А после чтения газет — наскоро выпитый чай и служба.
Контора, где за письменным столом проводила свои часы Забугина, была первой комнатой налево из передней. Тут же в передней висел поминутно дребезжавший телефон.
Другие двери, тотчас же за спиной конторщицы, наглухо забитые, вели в столовую. И хотя с обеих сторон спускались глухие драпировки, но говор, даже не особенно громкий, в одной из смежных комнат был отчетливо слышен по соседству.

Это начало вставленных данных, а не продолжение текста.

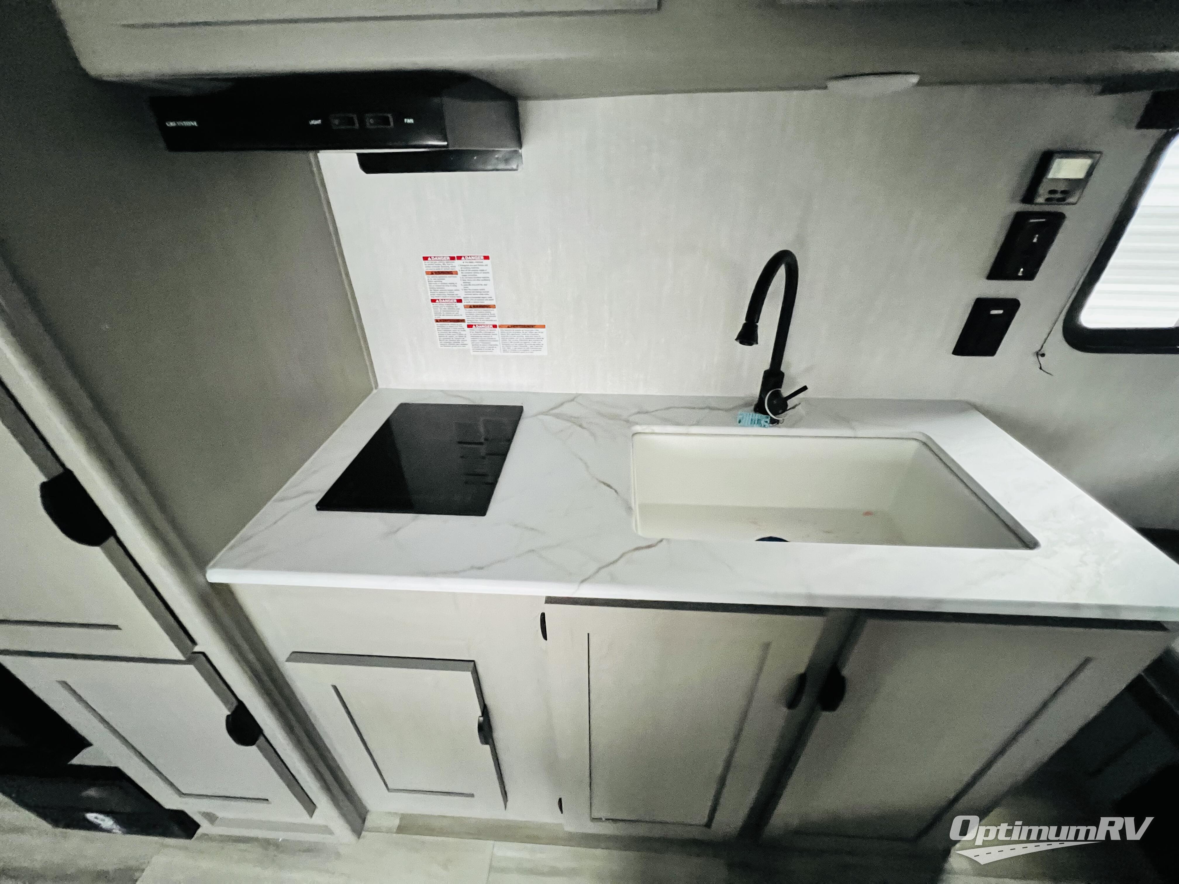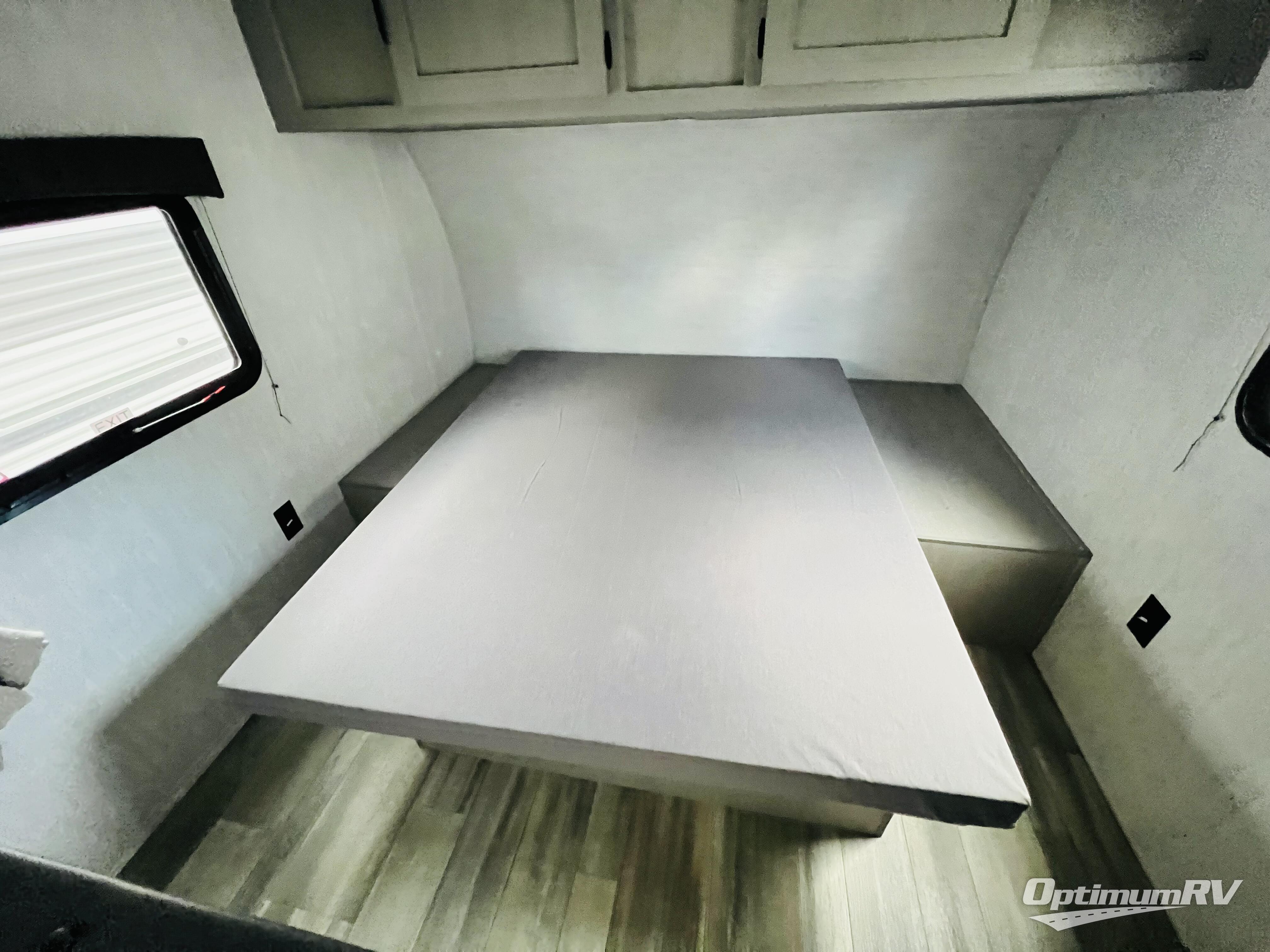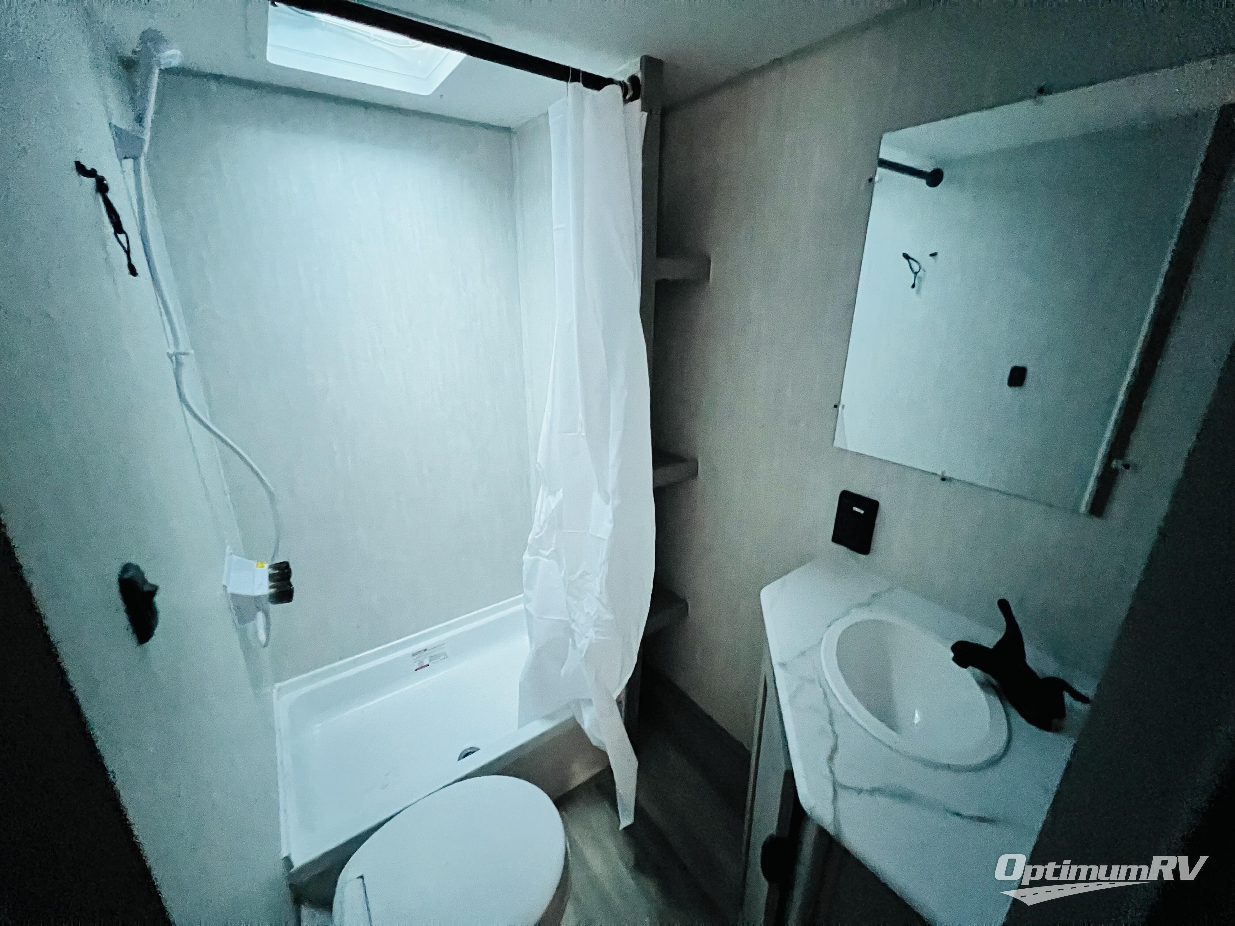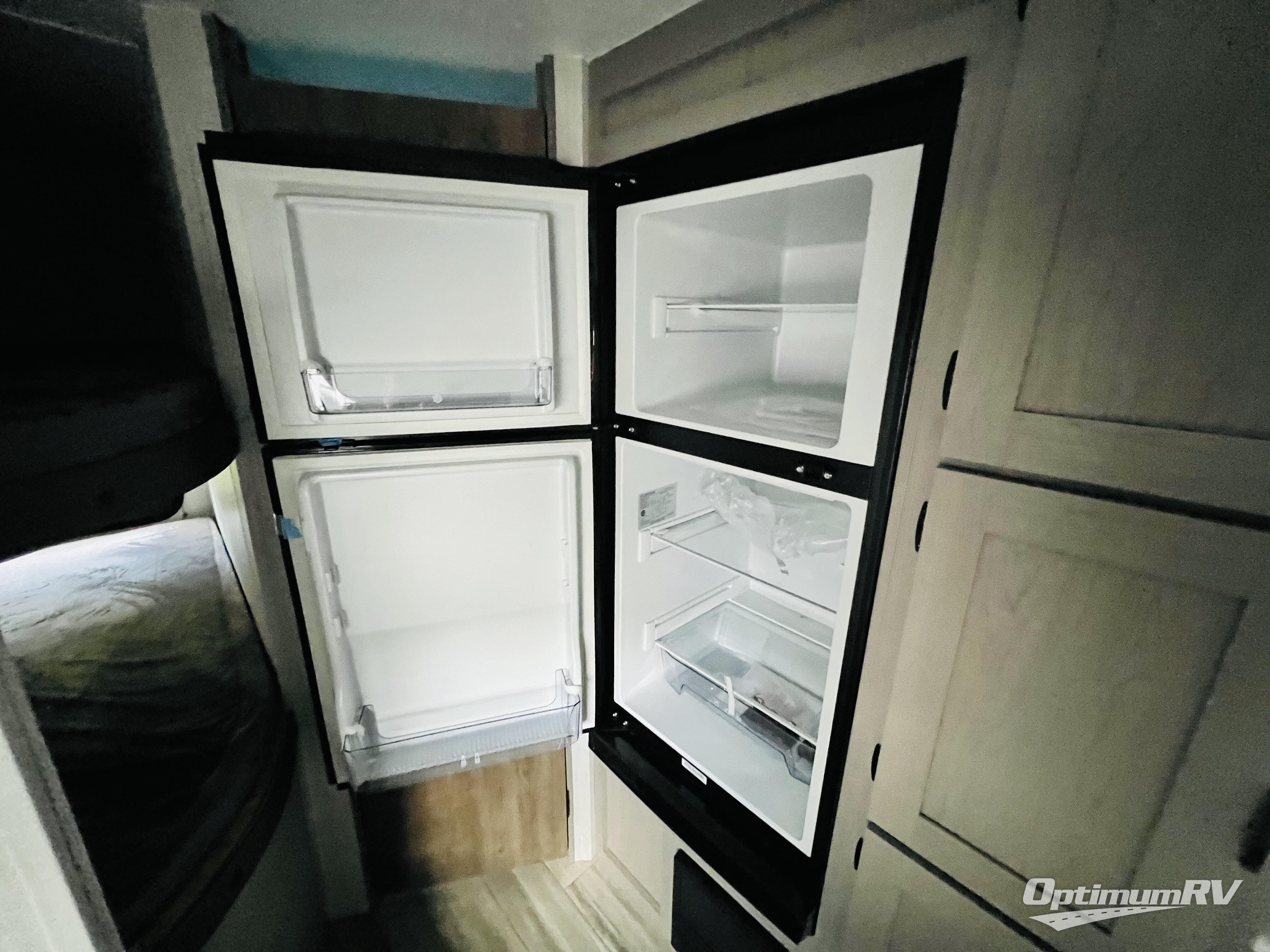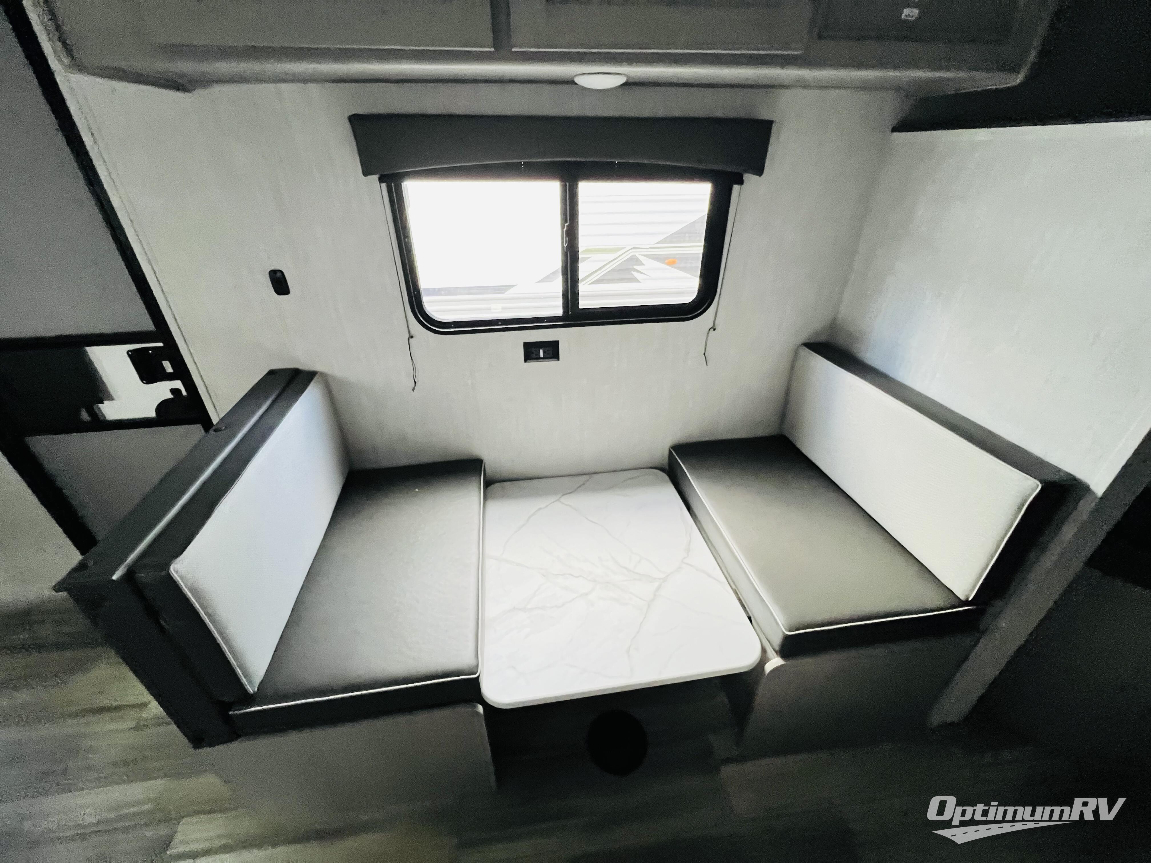 Bring the whole family with you in this travel trailer! The kiddos can sleep on the rear corner set of double bed bunks. The opposite rear corner features a full bath including a 24" x 36" shower, linen cabinet, toilet, and vanity with medicine cabinet overhead. In the main living space, you will find plenty of seating with a booth dinette and jackknife sofa which can also transform into an extra sleeping space if needed. Everyone's bellies will stay full with the two burner cooktop, 11 cu. ft. 12-volt refrigerator, and microwave which you can use to pop a bag of popcorn for movie night. You will enjoy the front bedroom for a bit of privacy including a queen bed and large overhead cabinet for your things. On the outside, a large front pass-through for lawn chairs and camp gear. There is more storage beneath the double bed bunks in back and a nice 10' awning to provide protection from the elements when outdoors.

В этот день мадам Альфонсин с утра уехала в Царское Село, вызванная туда экстренно очень важной и очень знатной клиенткой своей. Господин с внешностью провинциального фокусника готовился принимать пищу в адмиральский час в единственном числе. Вера, которой полагался «маленький завтрак», выговорила себе право завтракать в конторе, не желая
— Дома?
— Барин дома, а барыня уехали.
— Кого я вижу? Шацкий… да! — послышался голос бакенбардиста.
Приятели расцеловались.
— Хорошо, что ты пришел, будем завтракать вместе, да… а то одному скучно. Будет бифштекс с жирком… это хорошо под водку… да…
Продолжение беседы Вера слышала через дверь. Стучала посуда, стучали ножи.
— Наливай!
— Держи рюмку… держи… да…
— А водка холодная…
И чем больше друзья вливали в себя холодной водки, тем громче развязывались словоохотливые языки.
— Ну, как в общем живешь, Евгеша? Живешь… да…
— Да вот, понимаешь, возни до черта мне с этим самым Корещенкой! Охаживаю около да вокруг — ничего не выходит! И раньше эта морда Юнгшиллер покоя не давал мне — вынь да положь ему чертежи корещенковских «истребителей», а теперь, как началась война, дует меня и в хвост и в гриву!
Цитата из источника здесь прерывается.